Entries shown below:

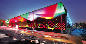 主題館的金屬色既不單調(diào),也不冷峻。整個(gè)建筑的明快線條和多變圖形,在金屬閃光中挾著一股現(xiàn)代暖風(fēng),迎面吹來。這個(gè)館堪稱世界級展館中的“巨無霸”:西廳2.5萬平方米,相當(dāng)于3個(gè)標(biāo)準(zhǔn)足球場;東廳兩層,各有1.7萬平方米;另外還有幾萬平方米的地下廳、中廳和下沉廣場。在世博會150年的歷史上,這是面積最大的一個(gè)展館。
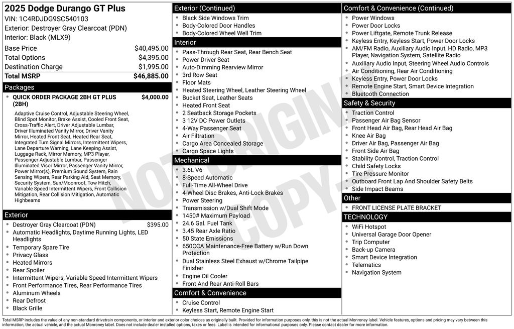 Gregg Young CDJR is honored to offer this great-looking 2025 Dodge Durango GT Plus in Destroyer Gray Clearcoat, ONE OWNER, 115V Auxiliary Power Outlet, 180 Amp Alternator, 506 Watt Amplifier, 7 & 4 Pin Wiring Harness, 9 Alpine Amplified Speakers w/Subwoofer, Adaptive Cruise Control w/Stop, Advanced Brake Assist, Auto High Beam Headlamp Control, Auto-Dimming Exterior Driver Mirror, Black Roof Rails, Blind Spot w/Trailer Detection, Bright Cargo Area Scuff Pads, Bright Front Door Sill Scuff Pads, Class IV Receiver Hitch, Dual Remote USB Port - Charge Only, Exterior Mirrors w/Heating Element, Exterior Mirrors w/Memory, Exterior Mirrors w/Supplemental Signals, Full Speed Forward Collision Warning Plus, Gloss Black Exterior Mirrors, Heated Second Row Seats, Heavy-Duty Engine Cooling, Integrated Roof Rail Crossbars, Lane Departure Warning Plus, Leather Trimmed Bucket Seats, Leather Wrapped Door Panels, LED Auxiliary Low Beam & Turn Signal, Navigation System, ParkSense Front/Rear Park Assist w/Stop, ParkView Rear Back-Up Camera, Power 6x9 Multi-Function Foldaway Mirrors, Power Driver/Passenger 4-Way Lumbar Adjust, Power Liftgate, Power Sunroof, Power Tilt & Telescopic Steering Column, Quick Order Package 2BH GT Plus, Radio: Uconnect 5 Nav w/10.1" Display, Radio/Driver Seat/Mirrors Memory, Rain Sensitive Windshield Wipers, Rear Load Leveling Suspension, Red Accent Stitching, Security Alarm, Sun Visors w/Illuminated Vanity Mirrors, Trailer Brake Control, Ventilated Front Seats, Wireless Charging Pad. 3.6L V6 24V VVT
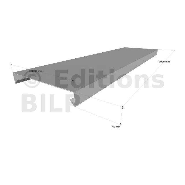 Couvertine d’acrotère plate - Gamme 280 - Aluminium 15/10 - Longueur 2000mm - Réf. CP15-280-2000
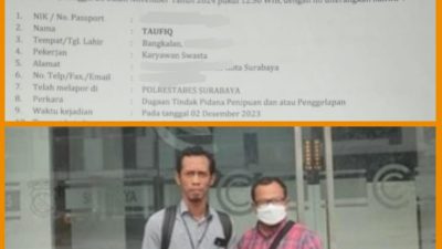 Surabaya – Berdasarkan surat tanda terima laporan/ pengaduan, Nomer: STTLPM/1312/XI/2024/SPKT/Polrestabes Surabaya, tanggal 26 bulan November, tahun 2024, pukul 12.50 wib.Taufiq secara resmi melaporkan terkait dugaan kasus tindak pidana Penggelapan dan…
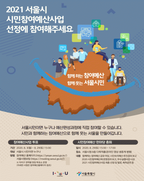 ¼¿ï½Ã´Â '21³â ½Ã¹ÎÂü¿©¿¹»ê »ç¾÷ ¼±Á¤ ÅõÇ¥¸¦ 3ÀÏ(¿ù) ½ÃÀÛÇÑ´Ù°í ¹àÇû´Ù. ÅõÇ¥´Â ½Ã¹ÎÂü¿©¿¹»ê ȨÆäÀÌÁö(http://yesan.seoul.go.kr)¿Í ¼¿ï½Ã ¡®¿¥º¸ÆÃ¡¯ ¾ÛÀ» ÅëÇØ ÇÒ ¼ö ÀÖ´Ù. »ç¾÷ Á¦¾ÈÀÚ »Ó ¾Æ´Ï¶ó ÀÏ¹Ý ¼¿ï½Ã¹Î ´©±¸³ª Âü¿©ÇÒ ¼ö ÀÖ´Ù. 25°³ ±¸Ã»°ú ÁöÇÏö ½Ãû ¿ª»ç ³» ÇöÀåÅõÇ¥¼Òµµ ¿î¿µÇÑ´Ù.
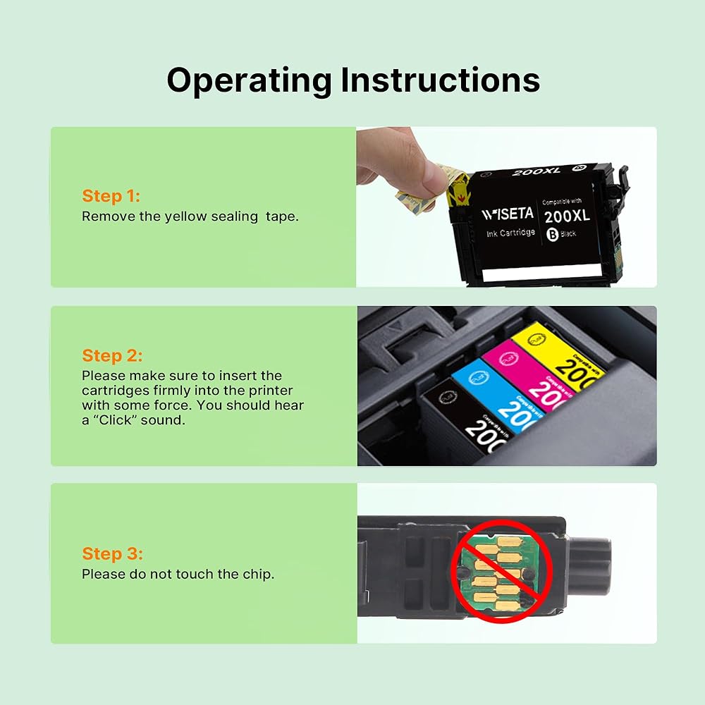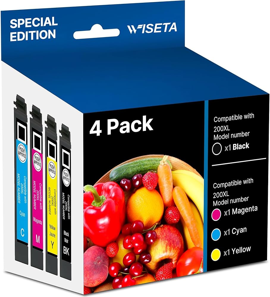 Wiseta Remanufactured 200XL Ink Cartridges Replacement for Epson 200XL Ink Cartridges Combo Pack to Use with XP-200, XP-300, XP-310, XP-400, XP-410 WF-2520, WF-2530, WF-2540 Printer(4 Pack)
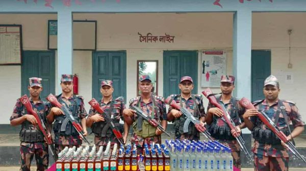 মোহাম্মদ দুদু মল্লিক,শেরপুর : শেরপুরের শ্রীবরর্দী সীমান্তবর্তী বগুলাকান্দি এলাকা থেকে আমদানি নিষিদ্ধ ভারতীয় বিভিন্ন ব্র্যান্ডের ২২১ বোতল বিদেশী মদ উদ্ধার করেছে বিজিবি। বুধবার (১৭ সেপ্টেম্বর) সকালে উপজেলার কর্ণঝোড়া সীমান্ত ফাঁড়ি
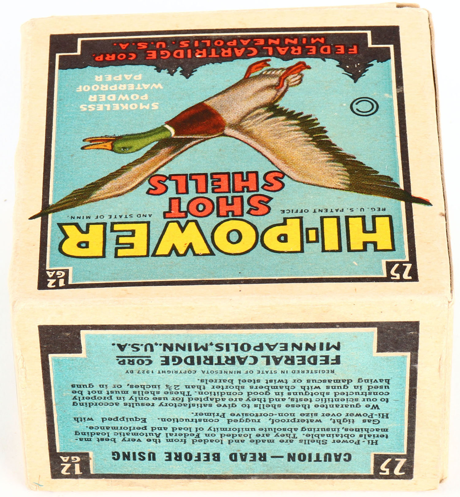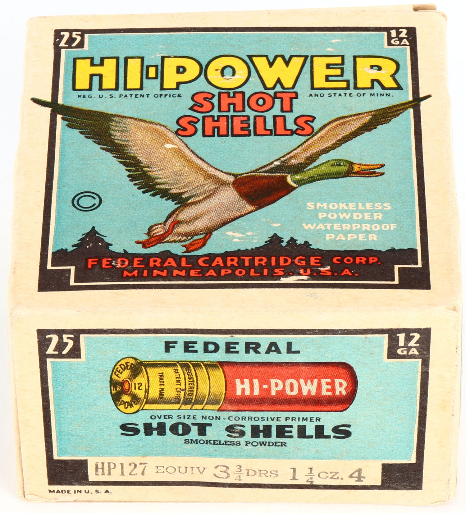 Federal Cart. Co., HI-POWER, 12ga., 1pc., Full, shot size 4, Black border, blue, yellow and red box with flying mallard, box is very solid with great colors, Shells are excellent. Grade: Excellent - Value: 10 to 40

End of Entries shown.

» **Work order**: Each entry should come back exactly as written, with its pictures omitted.

» **The completed task**:
 主題館的金屬色既不單調(diào),也不冷峻。整個(gè)建筑的明快線條和多變圖形,在金屬閃光中挾著一股現(xiàn)代暖風(fēng),迎面吹來。這個(gè)館堪稱世界級展館中的“巨無霸”:西廳2.5萬平方米,相當(dāng)于3個(gè)標(biāo)準(zhǔn)足球場;東廳兩層,各有1.7萬平方米;另外還有幾萬平方米的地下廳、中廳和下沉廣場。在世博會150年的歷史上,這是面積最大的一個(gè)展館。
 Gregg Young CDJR is honored to offer this great-looking 2025 Dodge Durango GT Plus in Destroyer Gray Clearcoat, ONE OWNER, 115V Auxiliary Power Outlet, 180 Amp Alternator, 506 Watt Amplifier, 7 & 4 Pin Wiring Harness, 9 Alpine Amplified Speakers w/Subwoofer, Adaptive Cruise Control w/Stop, Advanced Brake Assist, Auto High Beam Headlamp Control, Auto-Dimming Exterior Driver Mirror, Black Roof Rails, Blind Spot w/Trailer Detection, Bright Cargo Area Scuff Pads, Bright Front Door Sill Scuff Pads, Class IV Receiver Hitch, Dual Remote USB Port - Charge Only, Exterior Mirrors w/Heating Element, Exterior Mirrors w/Memory, Exterior Mirrors w/Supplemental Signals, Full Speed Forward Collision Warning Plus, Gloss Black Exterior Mirrors, Heated Second Row Seats, Heavy-Duty Engine Cooling, Integrated Roof Rail Crossbars, Lane Departure Warning Plus, Leather Trimmed Bucket Seats, Leather Wrapped Door Panels, LED Auxiliary Low Beam & Turn Signal, Navigation System, ParkSense Front/Rear Park Assist w/Stop, ParkView Rear Back-Up Camera, Power 6x9 Multi-Function Foldaway Mirrors, Power Driver/Passenger 4-Way Lumbar Adjust, Power Liftgate, Power Sunroof, Power Tilt & Telescopic Steering Column, Quick Order Package 2BH GT Plus, Radio: Uconnect 5 Nav w/10.1" Display, Radio/Driver Seat/Mirrors Memory, Rain Sensitive Windshield Wipers, Rear Load Leveling Suspension, Red Accent Stitching, Security Alarm, Sun Visors w/Illuminated Vanity Mirrors, Trailer Brake Control, Ventilated Front Seats, Wireless Charging Pad. 3.6L V6 24V VVT
 Couvertine d’acrotère plate - Gamme 280 - Aluminium 15/10 - Longueur 2000mm - Réf. CP15-280-2000
 Surabaya – Berdasarkan surat tanda terima laporan/ pengaduan, Nomer: STTLPM/1312/XI/2024/SPKT/Polrestabes Surabaya, tanggal 26 bulan November, tahun 2024, pukul 12.50 wib.Taufiq secara resmi melaporkan terkait dugaan kasus tindak pidana Penggelapan dan…
 ¼¿ï½Ã´Â '21³â ½Ã¹ÎÂü¿©¿¹»ê »ç¾÷ ¼±Á¤ ÅõÇ¥¸¦ 3ÀÏ(¿ù) ½ÃÀÛÇÑ´Ù°í ¹àÇû´Ù. ÅõÇ¥´Â ½Ã¹ÎÂü¿©¿¹»ê ȨÆäÀÌÁö(http://yesan.seoul.go.kr)¿Í ¼¿ï½Ã ¡®¿¥º¸ÆÃ¡¯ ¾ÛÀ» ÅëÇØ ÇÒ ¼ö ÀÖ´Ù. »ç¾÷ Á¦¾ÈÀÚ »Ó ¾Æ´Ï¶ó ÀÏ¹Ý ¼¿ï½Ã¹Î ´©±¸³ª Âü¿©ÇÒ ¼ö ÀÖ´Ù. 25°³ ±¸Ã»°ú ÁöÇÏö ½Ãû ¿ª»ç ³» ÇöÀåÅõÇ¥¼Òµµ ¿î¿µÇÑ´Ù.
 Wiseta Remanufactured 200XL Ink Cartridges Replacement for Epson 200XL Ink Cartridges Combo Pack to Use with XP-200, XP-300, XP-310, XP-400, XP-410 WF-2520, WF-2530, WF-2540 Printer(4 Pack)
 মোহাম্মদ দুদু মল্লিক,শেরপুর : শেরপুরের শ্রীবরর্দী সীমান্তবর্তী বগুলাকান্দি এলাকা থেকে আমদানি নিষিদ্ধ ভারতীয় বিভিন্ন ব্র্যান্ডের ২২১ বোতল বিদেশী মদ উদ্ধার করেছে বিজিবি। বুধবার (১৭ সেপ্টেম্বর) সকালে উপজেলার কর্ণঝোড়া সীমান্ত ফাঁড়ি
 Federal Cart. Co., HI-POWER, 12ga., 1pc., Full, shot size 4, Black border, blue, yellow and red box with flying mallard, box is very solid with great colors, Shells are excellent. Grade: Excellent - Value: 10 to 40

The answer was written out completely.